The foregoing description of the employment agreement
is only a summary and it is qualified in its entirety by the employment agreement, a copy of which is filed as Exhibit 10.1 hereto.
Related
Party Disclosures
Prior
Board Service, Scientific Advisory and Consulting Agreement
In
June 2017, Dr. Pecora joined the board of directors of Celularity Operations, Inc. and was granted a stock option in connection therewith,
which was assumed in the business combination and is now fully-vested and exercisable for 384,297 shares of the Company’s Class
A common stock at an exercise price of $0.28 per share. Dr. Pecora, along with the other non-employee directors of Celularity Operations,
Inc., was granted a stock option in March 2021, which was assumed in the business combination and is now fully-vested and exercisable
for 269,007 shares of the Company’s Class A common stock at an exercise price of $3.83 per share.
In
September 2017, Celularity Operations, Inc. (the Company’s wholly-owned subsidiary) entered into a scientific and clinical advisor
agreement with Dr. Pecora, which was superseded in February 2019, and then further amended in April 2020 and October 2020. Under the
current scientific and advisory agreement, as amended, Dr. Pecora provided consulting and advisory services in exchange for cash compensation
and eligibility for equity awards.
The
April 2020 amendment had a term of six months and provided for the payment of $20,000 per month and the issuance of a stock option to
purchase 200,000 shares of common stock (which the Company assumed in the business combination and which is now exercisable for
153,718 shares of the Company’s Class A common stock at an exercise price of $3.70 per share). Under the October 2020 amendment,
which initially expired January 31, 2021 but was extended on a month-to-month basis until being replaced by the employment agreement
described above, Dr. Pecora received: (i) cash consideration of $20,000 per month, (ii) a one-time cash bonus of $50,000 upon consummation
of the business combination with the Company and (iii) on April 6, 2021, he was granted options to acquire 200,000 shares of common stock
(which the Company assumed in the business combination and which are now exercisable for an aggregate of 153,718 shares of the Company’s
Class A common stock at an exercise price of $10.21 per share).
In
addition, on September 9, 2021, Dr. Pecora was granted a stock option under the 2021 Plan to purchase 153,718 shares of the Company’s
Class A common stock at an exercise price of $10.23 per share, 50% of which was vested in full as of the grant date, and 50% of which
is subject to time-based vesting as follows: 25% will vest on July 16, 2022 (the one-year anniversary of the business combination between
the Company and Celularity Operations, Inc.), with the remainder vesting monthly thereafter such that it is vested in full on the four-year
anniversary of the business combination.
COTA,
Inc.
In
November 2020, Celularity Operations, Inc. (the Company’s wholly-owned subsidiary) and COTA entered into an Order Schedule (the
“Order Schedule No. 2”), to the Master Data License Agreement between Celularity Operations, Inc. and COTA, dated October
29, 2018, pursuant to which COTA will provide to Celularity Operations, Inc. the licensed data in connection with AML patients. The COTA
Order Schedule No. 2 will terminate on the one-year anniversary following the final licensed data deliverable described therein. Dr.

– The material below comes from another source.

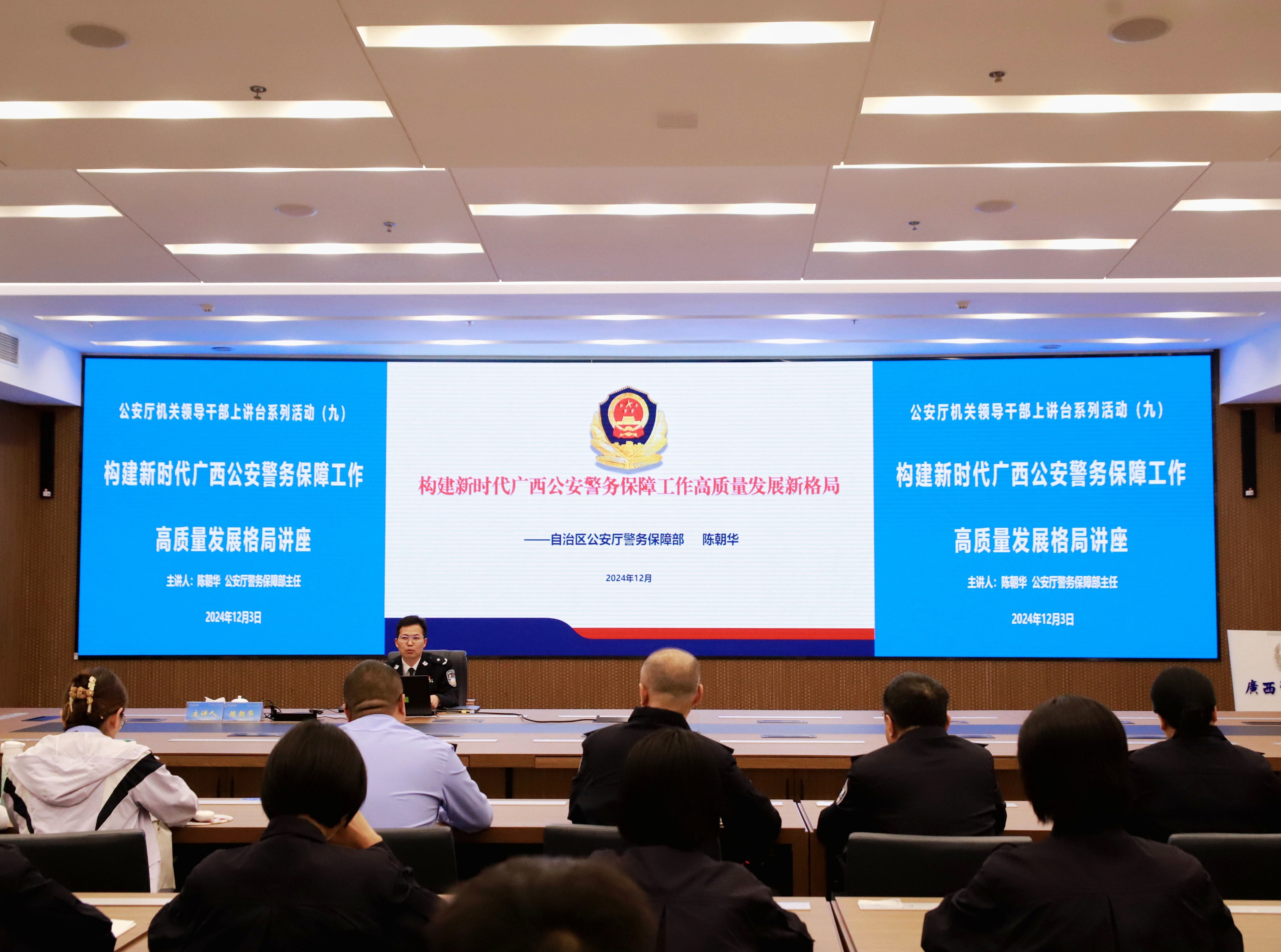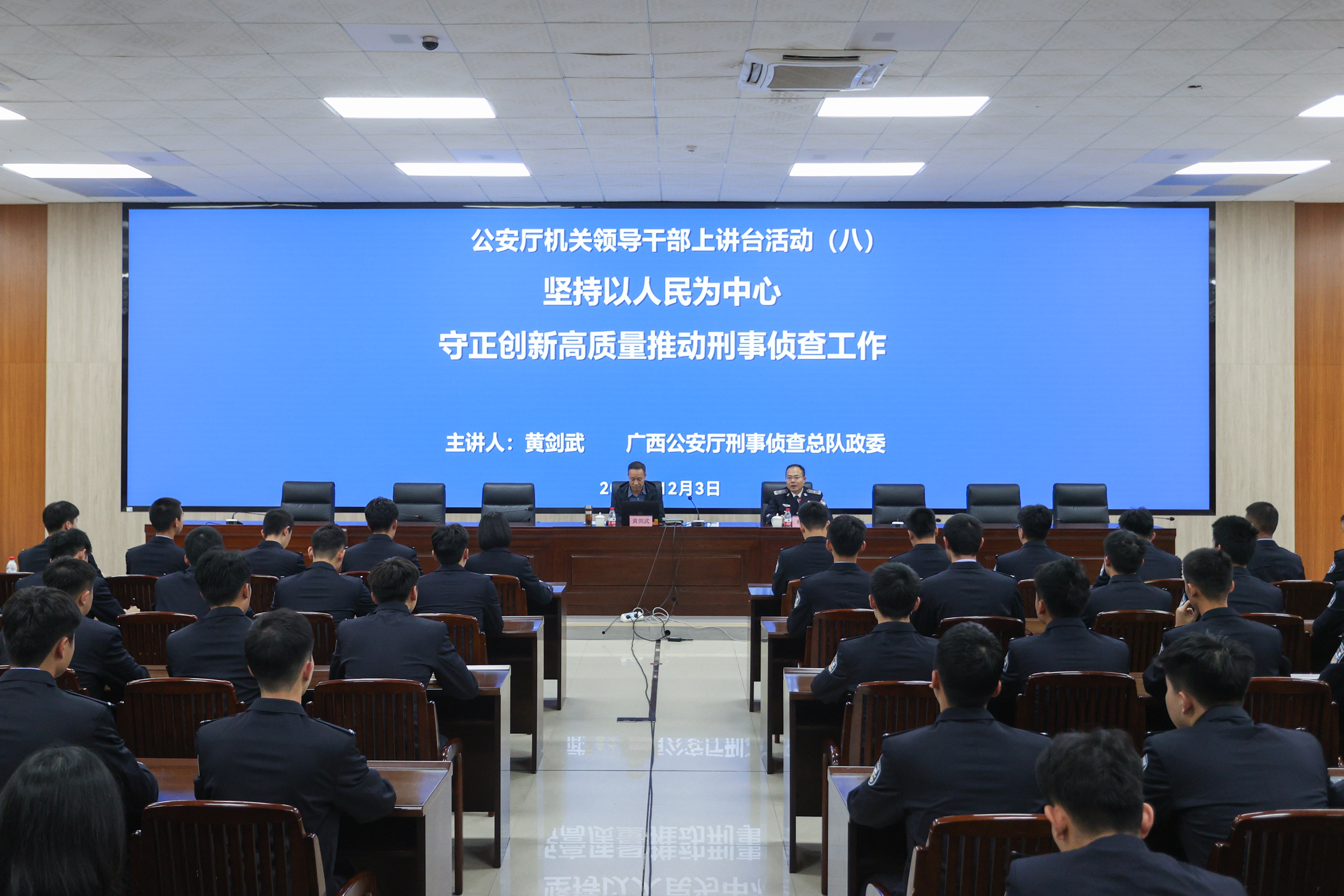 12月3日,自治区公安厅机关领导干部上讲台系列活动在仙葫校区开讲,自治区公安厅刑事侦查总队政委黄剑武、警务保障部主任陈朝华受邀到TapTap开展专题讲座。

Pecora, is the Founder and Chairman of the Board of COTA and Dr. Robin L. Smith, a member of the Board is an investor in COTA.
Prior
Employment of an Immediate Family Member
Matthew
Pecora, Dr. Pecora’s son, was previously employed by Celularity Operations, Inc. as Manager, Clinical Supply Chain. For the years
ended December 31, 2018, 2019 and 2020, Mr. Pecora earned $6,865.38, $90,000.00 and $103,534.39, respectively, in base salary and bonus
and he earned equity awards which were in line with similar roles at Celularity Operations, Inc. For the year ended December 31, 2021,
and prior to his termination of employment, Mr. Pecora’s base salary was $121,275.12. Mr. Pecora received and was eligible to receive
a bonus, equity awards and benefits on the same general terms and conditions as applicable to unrelated employees in similar positions.